Senate panel advances expanded eligibility checks for public assistance
The State Capitol rises above Des Moines’ East Village business district. (Photo by David Greedy/Getty Images)
The Iowa Department of Human Services would have to either create a new system or pay a third-party vendor for expanded identity and asset checks of applicants for public assistance under a bill that advanced Monday in the Iowa Senate.
Sen.
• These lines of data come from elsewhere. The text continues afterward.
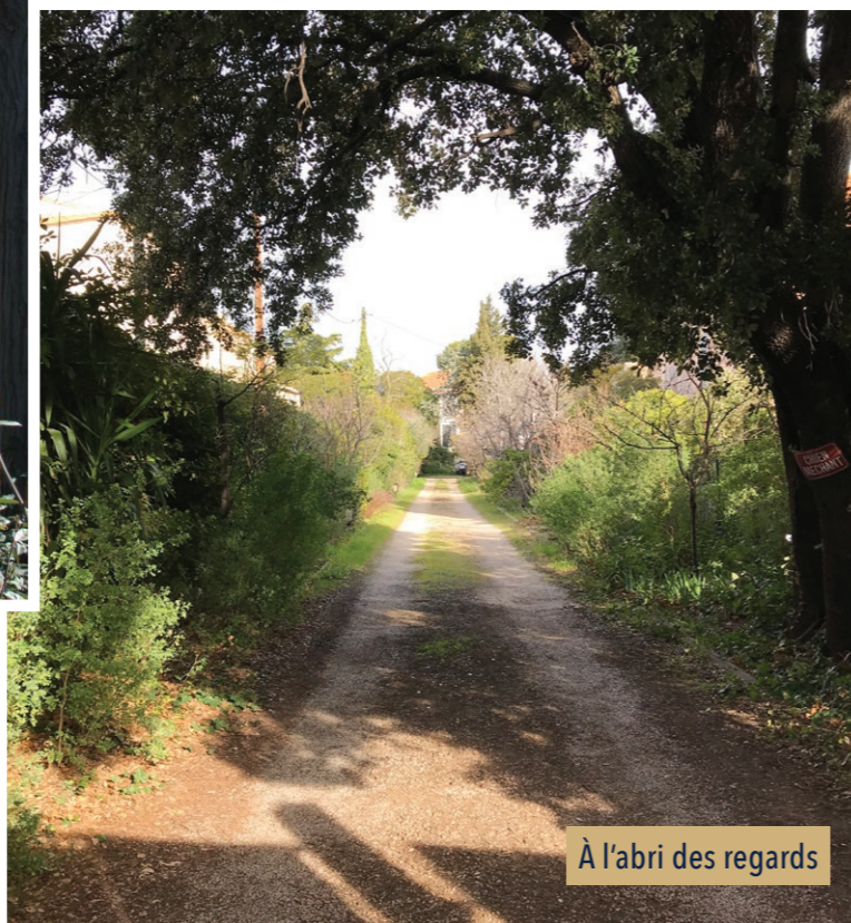
À l'abri des regards
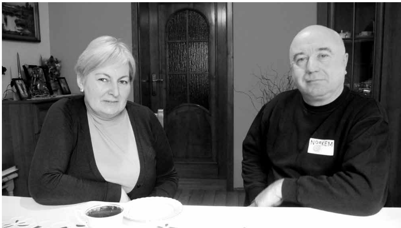
arch. R. Treczyński
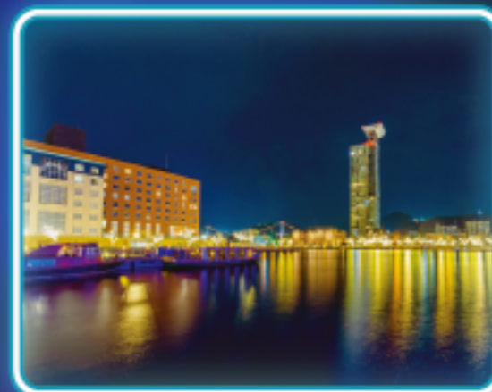
門司港レトロ地区
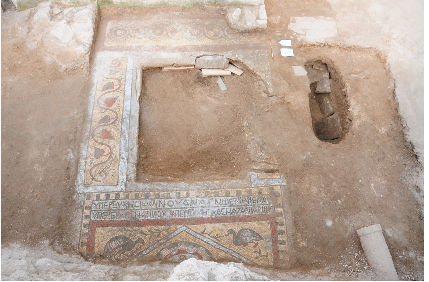
Resim 4 İkiz mezarlar üzerindeki mozaik döşeme.

mozaikle döşeli olduğu anlaşılmıştır. Ne yazık ki mezarlar tahrip edilerek açılmış, içlerindeki gömüler ve mezar buluntuları soyulmuştur. Bu tahribat sırasında, ikiz mezarların üzerindeki mozaik döşeme panosu da kırılarak parçalanmış; günümüze sadece mezarların etrafını çeviren panolar ulaşabilmiştir.
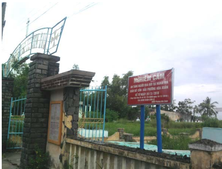
Der Gemeindefriedhof von Con Dau mit dem Schild „Bestattung streng verboten“
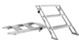
FT ER3-25A- ? V.0

Jason Schultz, R-Schleswig, said Senate Study Bill 1125 was aimed at improving efficiency. “All we’re doing is trying to make the asset verification, the identification verification, their location, try to make sure that that can be done efficiently as possible and as accurately as possible,” Schultz said.
Advocates for the bill included a national non-profit advocacy firm, Opportunity Solutions Project, which has also lobbied against Medicaid expansion around the country.
Scott Centorino, a visiting fellow with Opportunity Solutions, told lawmakers at a subcommittee meeting the state has a high rate of improper payments in its public assistance programs. “This is a real problem for Iowa. The improper payment rate in Iowa is almost 12-and-a-half percent. And that about five points higher than the national average. And it’s actually higher than every single neighboring state around Iowa,” he said.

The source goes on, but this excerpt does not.